Über Monate hinweg hätten der Bund und die betroffenen Länder die finanzielle Kompensation für den Kohleausstieg verhandelt. „Ramelow hat in der ganzen Zeit nicht einmal den Mund aufgemacht. Er hat die Hände in den Schoss gelegt, obwohl es als Ministerpräsident seine Pflicht gewesen wäre, für die Interessen des Altenburger Landes als Teil der mitteldeutschen Braunkohleregion zu kämpfen“, kritisiert Zippel. Dies geschah gegen alle frühzeitigen Warnungen der CDU-Fraktion und des Landkreises. Die Thüringer CDU habe Bundeswirtschaftsminister Peter Altmaier bereits vor Wochen darauf hingewiesen, dass die Landesregierung hier ihre Hausaufgaben nicht gemacht habe.

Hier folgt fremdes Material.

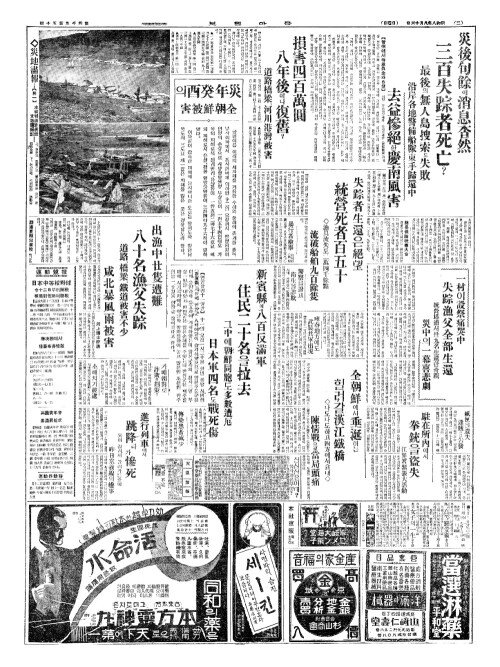 - 出漁中廿隻遭難(출어중입척조난) 八十名漁父失踪(팔십명어부실종)
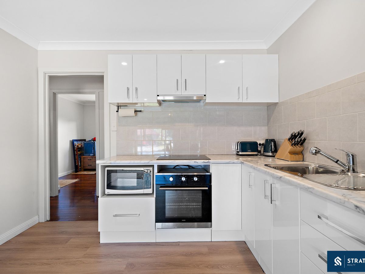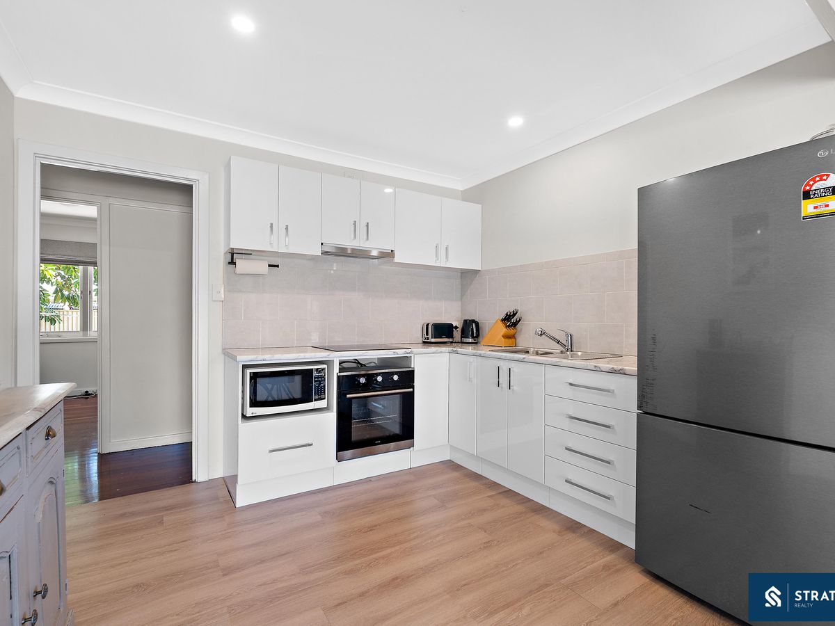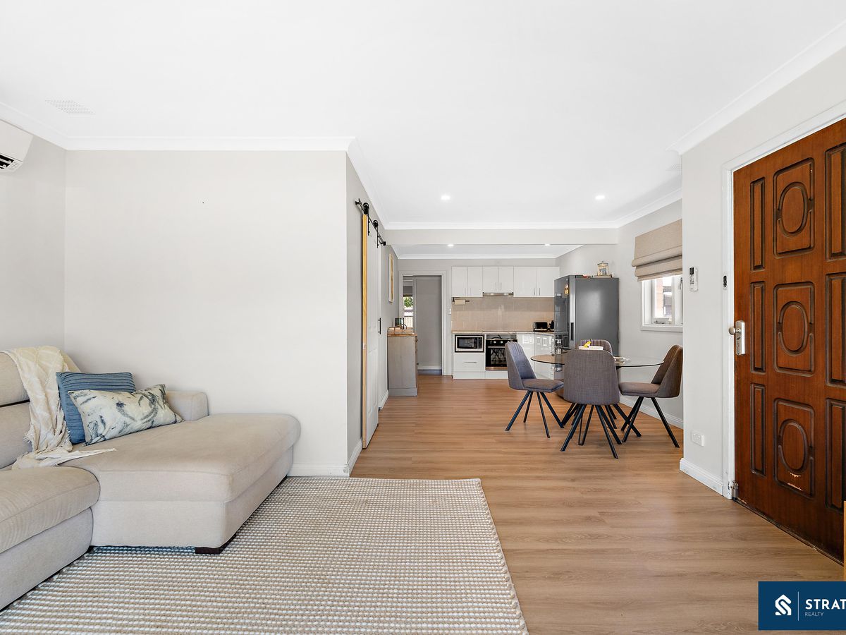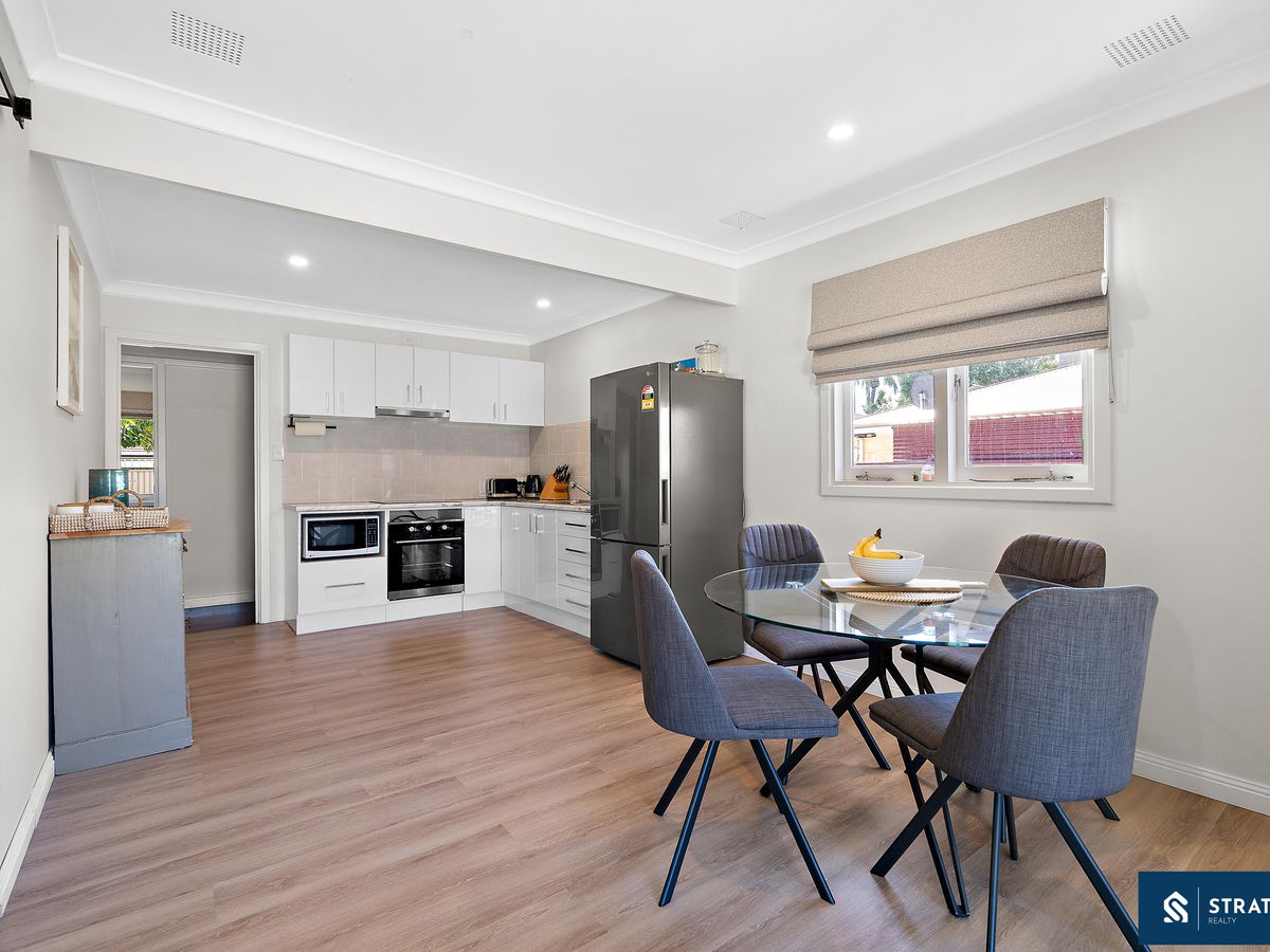 Stepping inside through the front door with a security screen, the home opens into a well-sized living and meals area featuring hybrid flooring and a split system air conditioner, creating a comfortable space for everyday living. This area flows nicely into the renovated kitchen, which is well designed with an electric cooktop, plenty of cabinet space, and a practical layout for meal preparation. LED downlights installed throughout the kitchen, living, and meals area add a modern touch and enhance the bright and welcoming feel of the home.

Deshalb werden nun am 8. Oktober die beiden Abgeordneten aus dem Altenburger Land, Simone Schulze und Christoph Zippel, gemeinsam mit Landesparteichef Mike Mohring zu einem persönlichen Treffen mit Altmaier kommen. „Die Thüringer Union möchte Nachbesserungen für Altenburg erreichen“, so Zippel: „Ramelow dagegen hat geschlafen, weil ihm das Thema egal war. Das passt ins Bild der rot-rot-grünen Regierung, die ihren Blick nur auf die Großstädte richtet und den ländlichen Raum in den vergangenen fünf Jahren systematisch finanziell ausbluten ließ.“

Zum Hintergrund:

Bereits am 31. Januar 2019 hatte die Kommission „Wachstum, Strukturwandel und Beschäftigung“ ihren Abschlussbericht an die Bundesregierung übergeben. Darin ist das Altenburger Land als Teil des Mitteldeutschen Braunkohlereviers erwähnt. Auf Basis dieses Berichts hat die Bundesregierung mit den betroffenen Ländern ein strukturpolitisches Gesamtkonzept zur Unterstützung der Kohleregionen erarbeitet. Am 22. Mai wurden diese Beschlussempfehlungen durch das Bundeskabinett beschlossen.